U of T Researchers Developing Precise Medicines for Triple Negative Breast Cancer

Taking advantage of a cancer cell’s altered metabolism that drives its runaway growth, University of Toronto researchers are zeroing in on these molecular changes to help them develop more precise drug targets for one of the most deadly breast cancers.

Triple negative breast cancer is a highly aggressive subtype of breast cancers, representing 15-20 per cent of breast cancer cases, but accounting for 25 per cent of breast cancer deaths. 

In addition, it has a higher metastatic rate within five years of diagnosis and poorer overall survival rate compared to receptor positive cancer subtypes.

Scientists don’t know why, but this cancer is also more common among Black and younger women.

“This disease has no precision medicine so patients are treated with chemotherapy because we don’t have a defined therapeutic target,” says Dr. Mathieu Lupien, an associate professor in the Department of Medical Biophysics and a senior scientist at Princess Margaret Cancer Centre.

“Initially, it works for some patients, but close to a quarter of patients recur within five years from diagnosis, and many develop chemotherapy-resistant tumours.
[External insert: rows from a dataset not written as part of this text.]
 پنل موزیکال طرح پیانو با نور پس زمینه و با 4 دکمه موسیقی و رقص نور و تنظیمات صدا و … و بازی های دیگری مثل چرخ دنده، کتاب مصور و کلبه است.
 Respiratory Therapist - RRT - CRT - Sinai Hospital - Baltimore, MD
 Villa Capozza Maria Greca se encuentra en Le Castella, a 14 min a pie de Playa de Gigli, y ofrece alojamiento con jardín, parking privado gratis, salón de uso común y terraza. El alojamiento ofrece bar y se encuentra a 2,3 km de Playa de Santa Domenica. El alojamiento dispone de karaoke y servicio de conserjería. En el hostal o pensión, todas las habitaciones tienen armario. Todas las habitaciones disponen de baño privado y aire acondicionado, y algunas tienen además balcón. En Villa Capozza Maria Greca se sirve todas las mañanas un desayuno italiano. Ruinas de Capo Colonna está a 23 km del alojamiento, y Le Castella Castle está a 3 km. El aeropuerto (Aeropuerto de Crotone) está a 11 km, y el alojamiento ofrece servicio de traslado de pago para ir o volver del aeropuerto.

These savage statistics mean that we must improve our understanding of the molecular basis for this cancer’s development to discover effective, precise targets for drugs, and a companion test to identify which patients are most likely to benefit the most from such a therapy.”   
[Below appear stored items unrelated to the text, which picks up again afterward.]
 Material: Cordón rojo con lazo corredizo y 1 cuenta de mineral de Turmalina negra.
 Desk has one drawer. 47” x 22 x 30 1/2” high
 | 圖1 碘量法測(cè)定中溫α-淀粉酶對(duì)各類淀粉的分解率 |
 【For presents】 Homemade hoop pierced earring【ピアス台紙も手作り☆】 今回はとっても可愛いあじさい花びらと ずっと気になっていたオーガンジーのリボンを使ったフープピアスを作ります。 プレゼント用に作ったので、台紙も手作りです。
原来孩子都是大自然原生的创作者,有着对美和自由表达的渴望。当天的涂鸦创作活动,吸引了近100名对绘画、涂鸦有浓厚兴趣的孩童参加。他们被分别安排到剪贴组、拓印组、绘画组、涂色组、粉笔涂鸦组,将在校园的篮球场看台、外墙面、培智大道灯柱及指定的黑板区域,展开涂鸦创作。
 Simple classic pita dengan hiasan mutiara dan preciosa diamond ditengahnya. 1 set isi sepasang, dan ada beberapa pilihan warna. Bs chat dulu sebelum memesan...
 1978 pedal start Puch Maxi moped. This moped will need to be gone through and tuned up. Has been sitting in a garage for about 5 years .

In research led by Drs. Cheryl Arrowsmith and Mathieu Lupien published in Nature Communications on August 21, the scientific team found a promising approach with a protein biomarker that could potentially identify the best patients for more precise, targeted therapy in the future.
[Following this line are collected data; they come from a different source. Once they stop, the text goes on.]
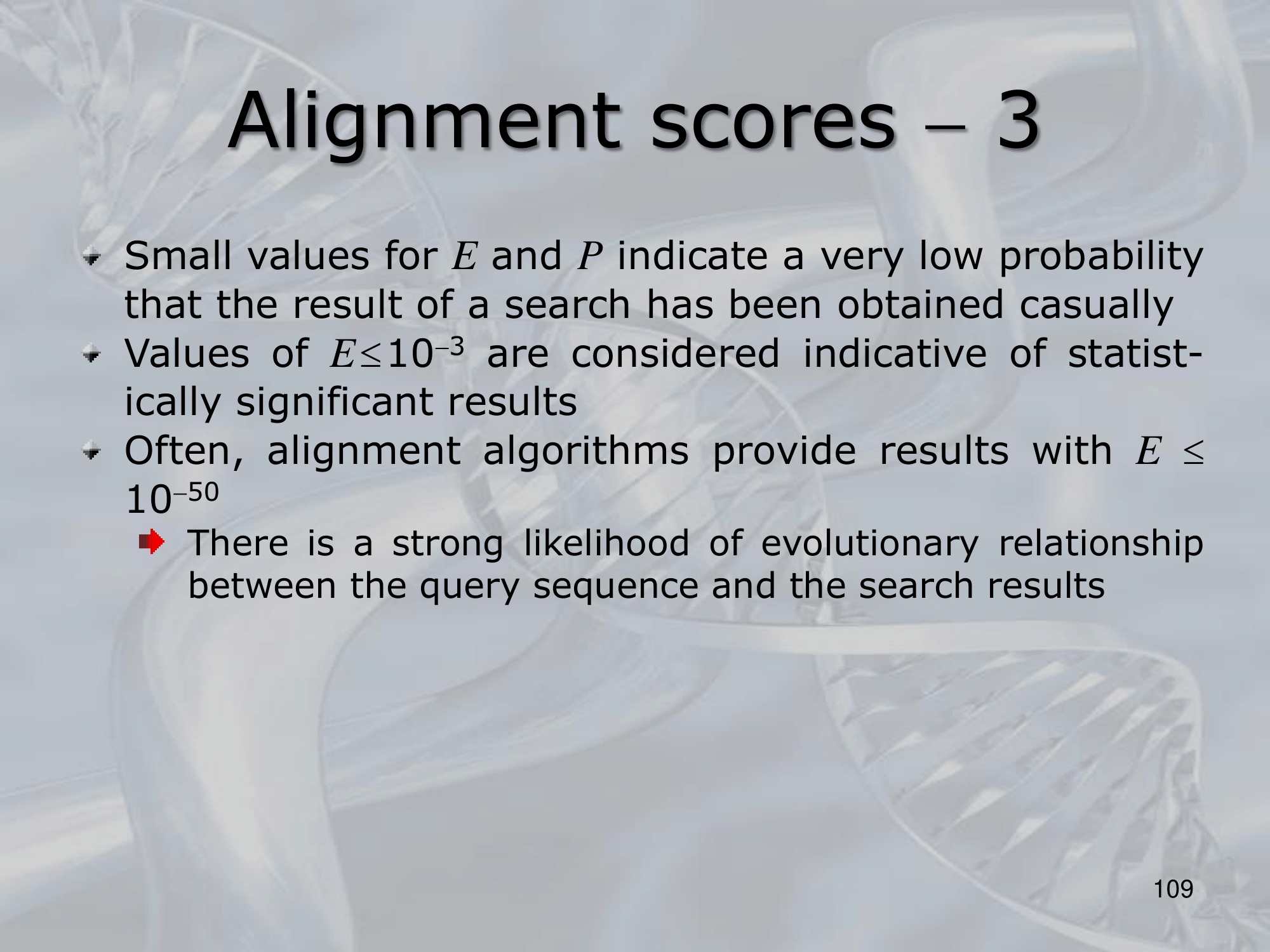 - : proportioanl to the expected number of random sequences with an alignment score . ( is statistically significant, but we often find , much better)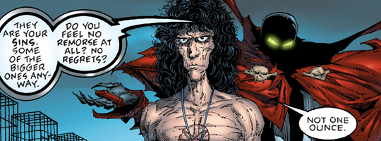 (2) I guess Spawn's a freelance vigilante now, specializing in child abuse cases.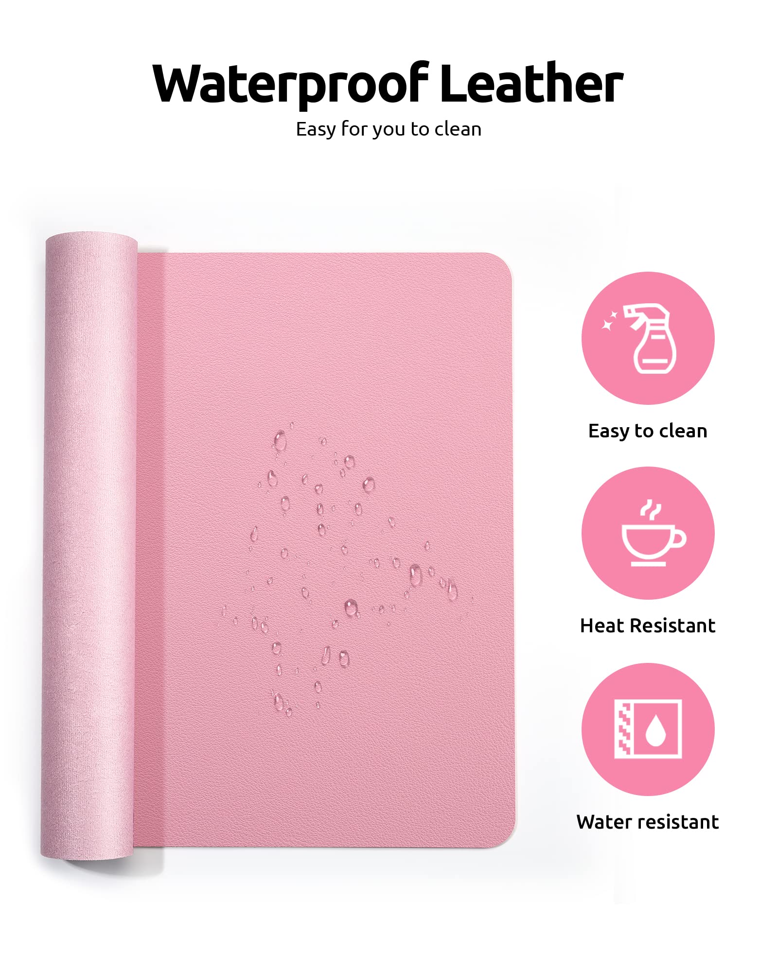 EASY TO CLEAN: Waterproof leather desk pad. Just use cloth for basic clean: liquid, dust, grease and dirt. Wet cloth would be prefer if there are too much dirt in the desk mat.

Using a collection of different patient-derived cell lines from triple negative breast cancer, researchers were able to test their sensitivity to ‘chemical probes’ (experimental, drug-like compounds) against inhibitors of a metabolic gatekeeper called GLUT1. 

They found a correlation or link between cells with varying levels of RB1, a protein involved in cell metabolism, as well as a long-established tumour suppressor protein, and decreased growth in these cancer cells. 

All cancers have altered metabolic states, explains Arrowsmith, because their explosive growth requires huge amounts of energy, such as glucose, to nourish their survival and growth – despite being bombarded with chemotherapy in this specific cancer. 

Arrowsmith is professor of medical biophysics at the University of Toronto, senior scientist at Princess Margaret Cancer Centre, and also chief scientist for the Structural Genomics Consortium Toronto laboratories.

Having access to diverse cell models of triple-negative breast cancer allows us to distinguish where the potential drug will work, and where it won’t, says Lupien. 

“Without this broad spectrum of samples, we might have missed the subset of triple-negative breast cancers that respond to our compound,” he says.     

Specifically, the compound targets GLUT1, part of the pathway transporting glucose into a cell to increase metabolic energy in the subset of cancer cells with high levels of RB1 protein- in effect stopping them from growing.  

Blocking this pathway “starved” the cancer cells, making them more responsive or sensitive to the chemical compound, demonstrating this as a promising target for new anticancer approaches.  

This work shows that differing levels of RB1 can be used as a biological biomarker to discriminate between treatment responders and non-responders in the future, says Arrowsmith.

Matching the right patient to the right drug is a major challenge in cancer research and treatment, says Arrowsmith.
She points out that multiple changes in cancer cells drive their abnormal growth, including genetic, epigenetic, metabolic and chromosomal changes that mutate and change over time. 

This heterogeneity in tumour cells, which is constantly changing and adapting over time, enables cancer cells to thrive and evade conventional therapies.

That’s why many new potential drugs fail, says Arrowsmith, because these multiple combinations of changes in cancer cells are complex and dynamic. 

“What we’re trying to do is to understand in detail what subset of drugs are effective at targeting the minute molecular changes in the cancer cells. It’s like whack-a-mole when you try and treat cancer with one drug. As soon as you figure out how to stop a mechanism that drives the cell rogue, the cancer cells adapt and keep on growing,” she says.

“That’s the big challenge in treating cancer. The more we understand about the molecular complexity of cancer cells, the more we can target with precision. And the more we can build up a pharmacy of cancer drugs matched to specific changes in the cancer cell, the greater the chance of a cure.”

Financial support for the research was provided by the Terry Fox Research Institute, Canadian Cancer Research Society, Ontario Institute for Cancer Research, Canadian Institute for Health Research, Princess Margaret Cancer Foundation, Gattuso-Slaight Personalized Cancer Medicine Fund at Princess Margaret, and the Structural Genomics Consortium.